* THE PROBLEM:
Please reproduce all of the listing below exactly and drop its images.
=== Begin Enclosure ===
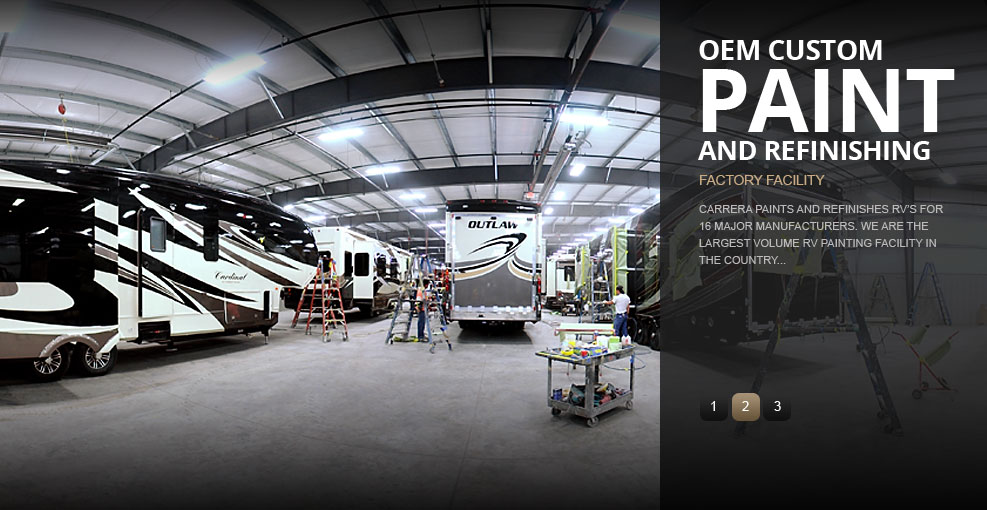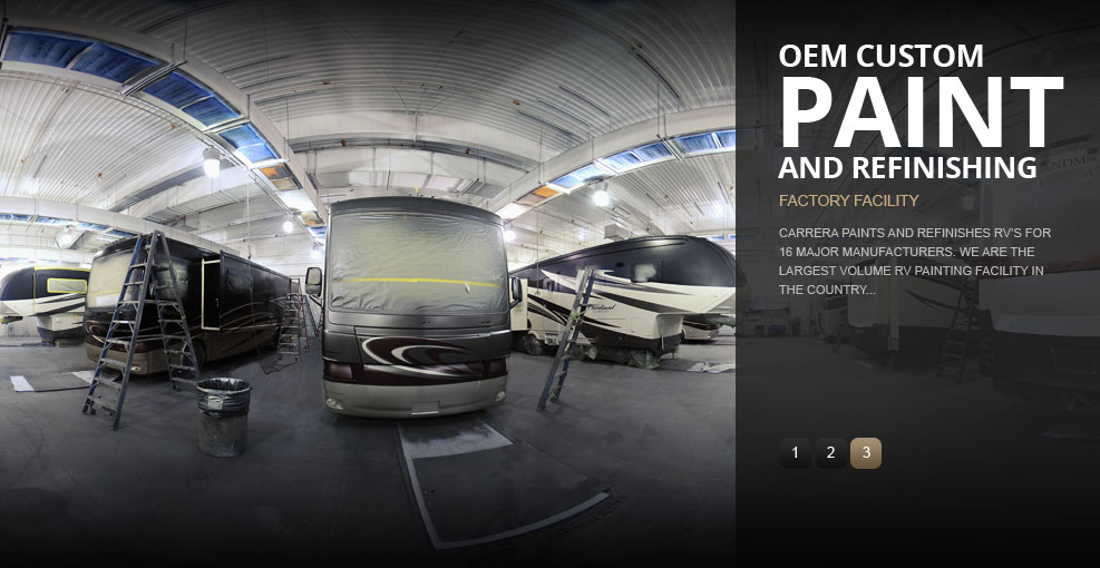 Carrera Custom RV Painting is a premier OEM Custom Paint Refinishing facilility located in Elkhart, Indiana. Having
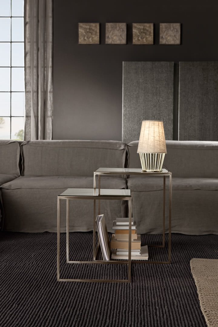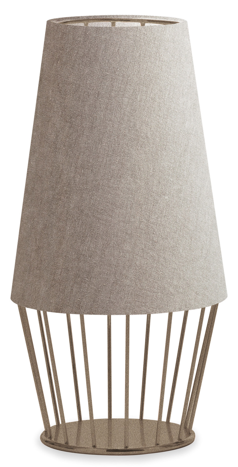 La struttura a gabbia è realizzata in tondino di acciaio e fusione di ottone, con saldature a filo e ottone, e finitura in galvanica oro, rame, nichel nero o ferro metallizzato. Il paralume a tronco di cono è in cotone o lino accoppiato. Una lampada da tavolo dal design moderno ma adatta ad ogni stile, perfetta per la camera da letto, sopra il tavolo in soggiorno, la sala o l’ingresso.
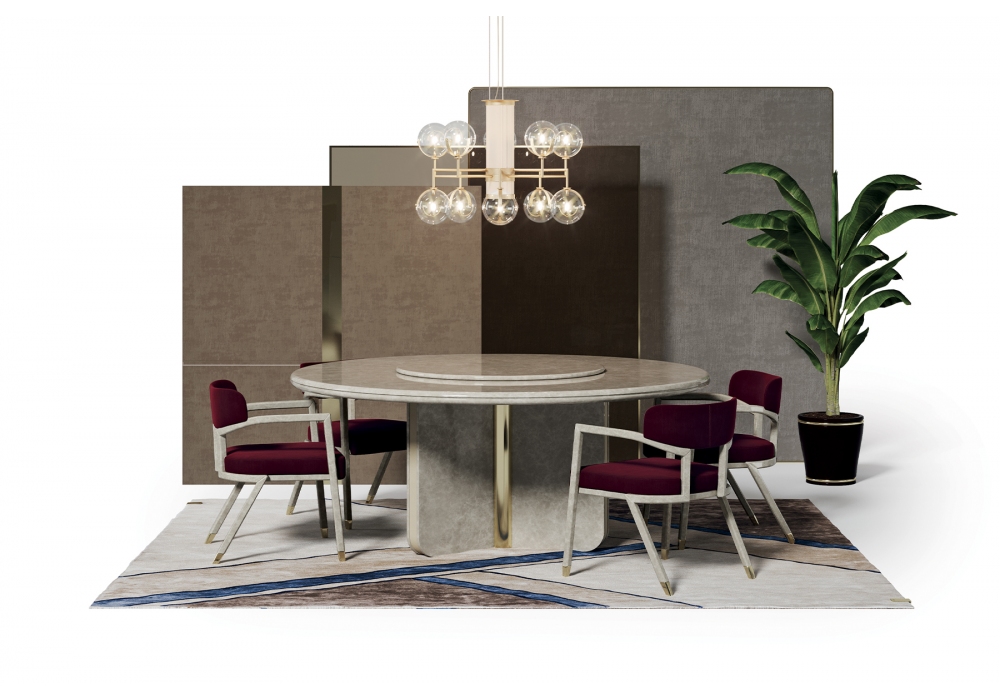 Madison diseñada por Andrea Bonini para Turri es una mesa redonda con estructura en MDF y madera contrachapada con acabado poliéster brillante decorado a mano. La base de tres velas está adornada con inserciones de cuero y un detalle central de metal dorado. Disponible en diferentes dimensiones.
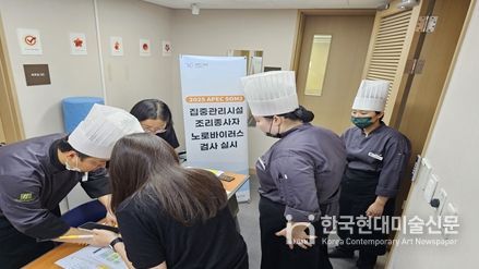 한국현대미술신문 박재남 기자 | 인천광역시는 2025 아시아태평양경제협력체(APEC) 제3차 고위관리회의(SOM3) 개최를 앞두고, 회의 기간(7월 26일부터 8월 15일까지)동안 식음료 안전을 강화하기 위해 7월 17일부터 18일까지 이틀간 조리 종사자 243명을 대상으로 노로바이러스 검사를 실시했다고 밝혔다.
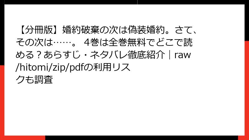 人気のラブファンタジーコミック「婚約破棄の次は偽装婚約。さて、その次は……。」を、海賊版サイトで無料で読もうとする人は少なくありません。しかし、そんな行為には深刻なリスクが伴います。この記事では、raw、hitomi、zip、pdf、漫画バンクなどの違法サイトを利用する危険性を、法的・セキュリティ・倫理的な観点から詳しく解説します。安易な利用は避け、合法的な手段を選ぶことを強くおすすめします。
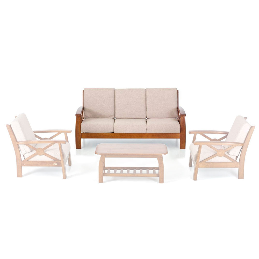 3-Sitzer-Sofa mit Massivholzstruktur.
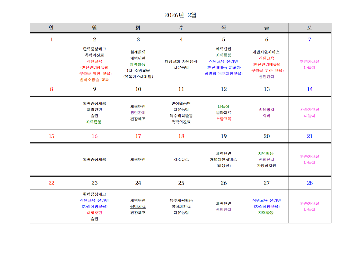 거주인별 질환에 따른 적절한 투약관리 및 혈압, 혈당, 체온, 체중 등 활력증상체크를 통해 정기적으로 거주인들의 건강을 확인하며, 관리가 될 수 있도록 지원함.
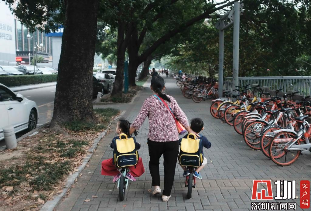2019年10月28日,福田區(qū),放學(xué)路上,一位家長帶著兩位小朋友。
=== End Enclosure ===
* REPLY:
 Carrera Custom RV Painting is a premier OEM Custom Paint Refinishing facilility located in Elkhart, Indiana. Having
 La struttura a gabbia è realizzata in tondino di acciaio e fusione di ottone, con saldature a filo e ottone, e finitura in galvanica oro, rame, nichel nero o ferro metallizzato. Il paralume a tronco di cono è in cotone o lino accoppiato. Una lampada da tavolo dal design moderno ma adatta ad ogni stile, perfetta per la camera da letto, sopra il tavolo in soggiorno, la sala o l’ingresso.
 Madison diseñada por Andrea Bonini para Turri es una mesa redonda con estructura en MDF y madera contrachapada con acabado poliéster brillante decorado a mano. La base de tres velas está adornada con inserciones de cuero y un detalle central de metal dorado. Disponible en diferentes dimensiones.
 한국현대미술신문 박재남 기자 | 인천광역시는 2025 아시아태평양경제협력체(APEC) 제3차 고위관리회의(SOM3) 개최를 앞두고, 회의 기간(7월 26일부터 8월 15일까지)동안 식음료 안전을 강화하기 위해 7월 17일부터 18일까지 이틀간 조리 종사자 243명을 대상으로 노로바이러스 검사를 실시했다고 밝혔다.
 人気のラブファンタジーコミック「婚約破棄の次は偽装婚約。さて、その次は……。」を、海賊版サイトで無料で読もうとする人は少なくありません。しかし、そんな行為には深刻なリスクが伴います。この記事では、raw、hitomi、zip、pdf、漫画バンクなどの違法サイトを利用する危険性を、法的・セキュリティ・倫理的な観点から詳しく解説します。安易な利用は避け、合法的な手段を選ぶことを強くおすすめします。
 3-Sitzer-Sofa mit Massivholzstruktur.
 거주인별 질환에 따른 적절한 투약관리 및 혈압, 혈당, 체온, 체중 등 활력증상체크를 통해 정기적으로 거주인들의 건강을 확인하며, 관리가 될 수 있도록 지원함.
2019年10月28日,福田區(qū),放學(xué)路上,一位家長帶著兩位小朋友。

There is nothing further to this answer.